Daan Roovers: Ik vind zo'n herdenking van vluchtelingen op het Rembrandtplein een mooi initiatief, maar je moet het niet vermengen met de Nationale Dodenherdenking op de Dam. Doe het op een andere plaats en liefst ook een andere tijd. De grotere sociale verbanden waarin wij leven, worden gevormd en bijeengehouden door collectieve herinneringen, dus vind ik het belangrijk met het oog op die collectieve achtergrond om de officiële herdenking in tact te laten. Als je aan die herinneringen gaat morrelen, verliezen ze hun waarde.

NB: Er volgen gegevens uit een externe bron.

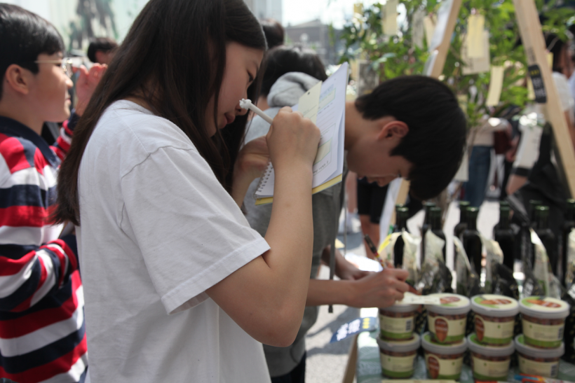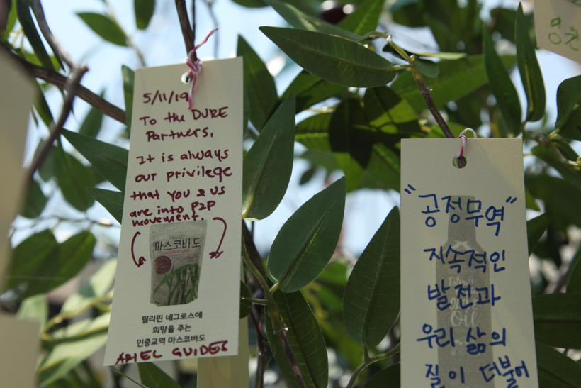 공정무역과 민중교역을 잘 몰랐던 시민들도 설명을 들으면서 공감해주셨고, 무엇보다 학생들의 참여가 뜨거웠습니다. 얼마 지나지 않아 올리브 나무에는 시민들이 남겨주신 메시지가 빼곡하게 달렸습니다. 히드미 대표님과 노르마 의장님, 아리엘 대표도 공정무역과 민중교역에 대한 뜨거운 시민들의 관심에 감사의 표현을 담은 메시지를 남겨주셨습니다.

René ten Bos: Je moet niet teveel op een hoop willen gooien. Natuurlijk trek ik me het lot van vluchtelingen aan, maar 4 mei gaat vooral over de Tweede Wereldoorlog, en dan met name over de Holocaust. Nijmegen, waar ik woon, is zwaar getroffen tijdens de oorlog. Ik heb wel mensen gesproken die zich dat nog kunnen herinneren, en voor hen betekent het veel als op 4 mei om 19:30 uur de Waalbrug dichtgaat, voor de herdenking. Ook vrienden van mij gaan daar naartoe. De inhoud van die herdenking moet je beschermen, er moet een zekere vormvastheid zijn. In de discussie over de invulling van Dodenherdenking zie je al een soort leegte ontstaan.